When I asked for a new clue, he gave me that mischievous wink again and said, "I don't want to narrow the search area anymore. The treasure is not easy to find, but it certainly isn't impossible. All someone has to do is solve the clues in the poem and the chest can be theirs."

"Included on the chest is my autobiography," he said. "If someone finds the treasure far into the future, I want them to know who did such an outrageous thing. So I pulled a couple of white hairs from my head and put them in the jar that contains my autobiography. Future scientists will be able to make DNA, Carbon-12 and other tests to learn about me and the times in which I lived."

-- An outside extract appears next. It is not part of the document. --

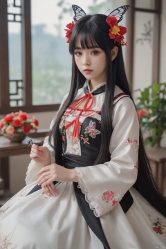 HUBG_Rococo_Style(loanword), 1girl, solo, Chinese clothes, long hair, butterfly, pale skin, bug, black hair, Hanfu, hime cut, bangs, bracelet, blunt bangs, jewelry, red eyes, (flower Theme),cowboy shot, (alive skin)
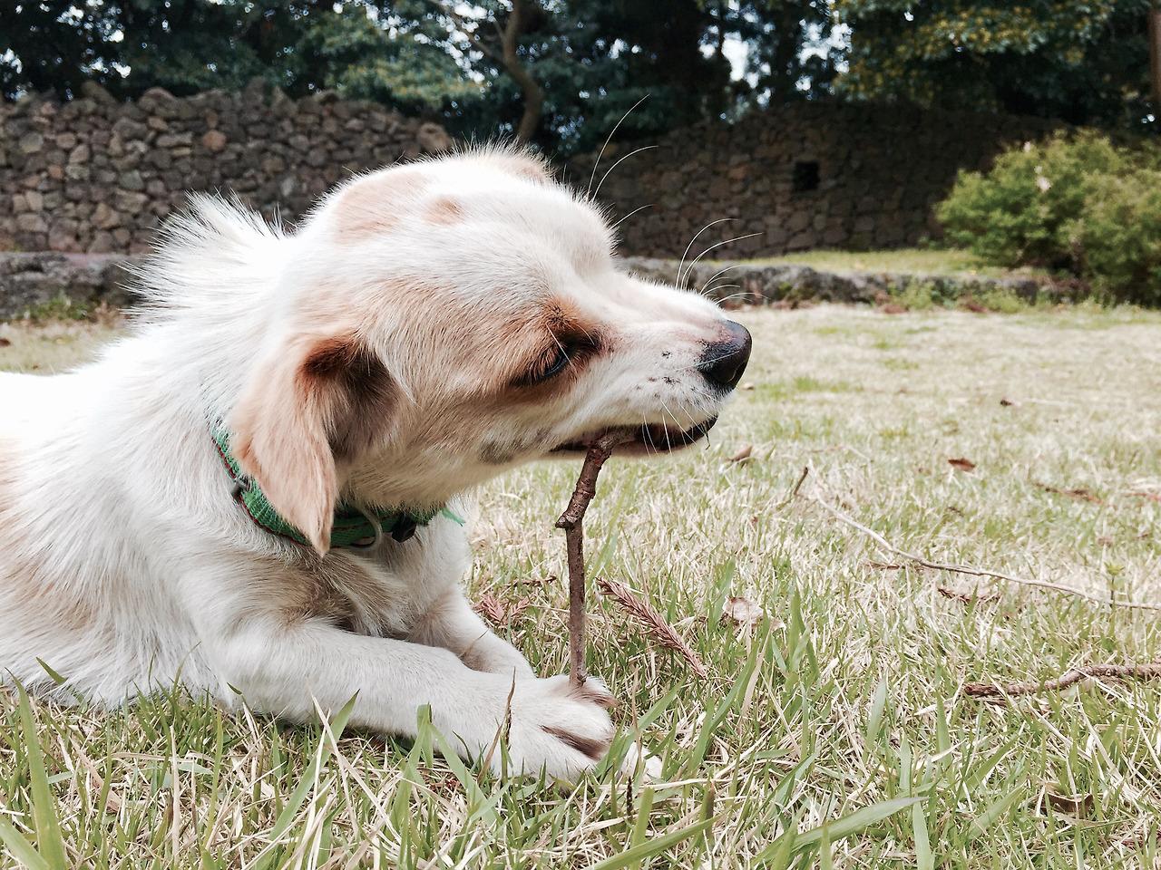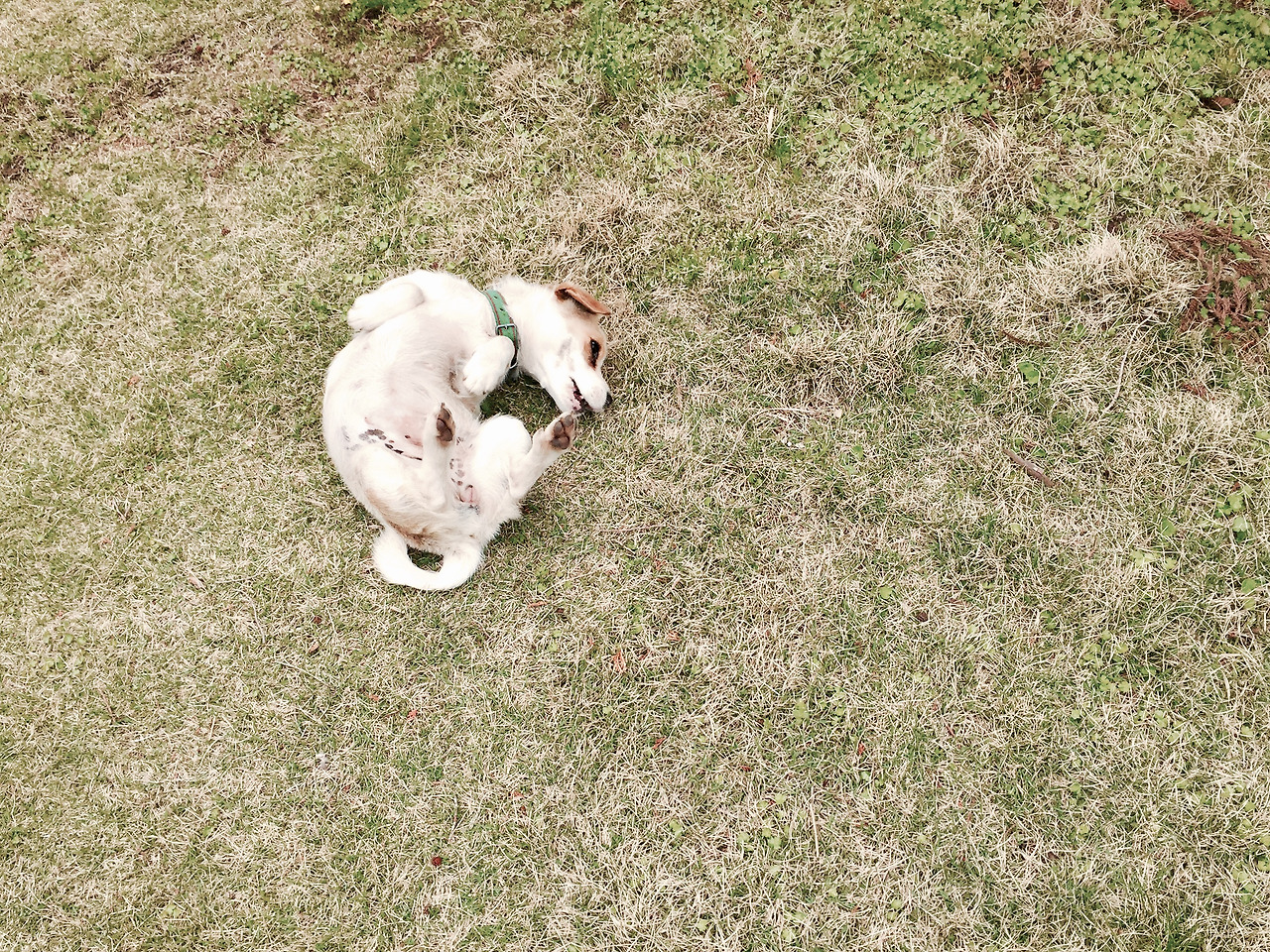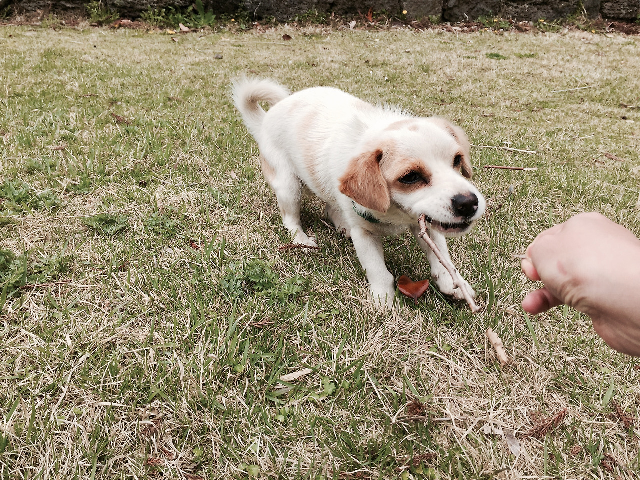 클로버 찾기에 몰두하는 중 개 한 마리가 후다닥 품에 들어와 비벼댔다. 갑자기 나타난 친구가 반가워 만져주고 놀아주고 같이 뛰었다. 한참 만지다가 쉬니까 더 만져달라고 앞 발로 내 손을 끌어당겼다. 그 동네 사는 아롱이라는 녀석인데 그렇게 종종 두모악에 찾아와 놀다 간단다. 두모악 손님들이 내 개라고 생각하는 것 같았다.

The treasure might be found tomorrow or light years from now, but the mystery continues. So far, Fenn has received 22,000 emails, including one from a 14-year old girl who asked, "Is the Hope Diamond in the Treasure Chest?" Another seeker wanted to know, "Is the gold going to rust?" Two guys fighting for the same parking space in Jackson Hole discovered they were both looking for the treasure, so that afternoon they searched together. A mother wrote that her son wanted to look for the treasure in Grebe Lake, but was worried. "Does Yellowstone Park control the alligators? She asked.

Fenn (with the new treasure map) is the only one who knows where the booty is

Some of the emails Fenn receives make him chuckle. A New Mexico archaeologist wanted to know if he had made an environmental impact study before he "dug a big hole and buried the gold vault." NYC cops caught a guy digging in Central Park near the Alice in Wonderland sculpture because he'd heard that Fenn could quote from Lewis Carroll's book. Another enterprising searcher asked that if his old truck broke down in the mountains, would Fenn come and take him the rest of the way to the treasure?

Fenn said that 32 women have emailed wanting to marry him. He grinned while telling me he usually writes back and asks if they have an airplane. Of course he's only joking because Fenn has been in love with his bride, Peggy, for 60 years. I asked Peggy if she knows where the treasure chest is hidden, and she said, "No, I've never asked because I know he wouldn't tell me."

And what does Fenn have to say about all the publicity and commotion his hidden treasure story has generated? He replied, "I've never said what I though the treasure is worth because I don't know, but writers keep upping its worth. When the value gets to $10 million I'm going back to get it."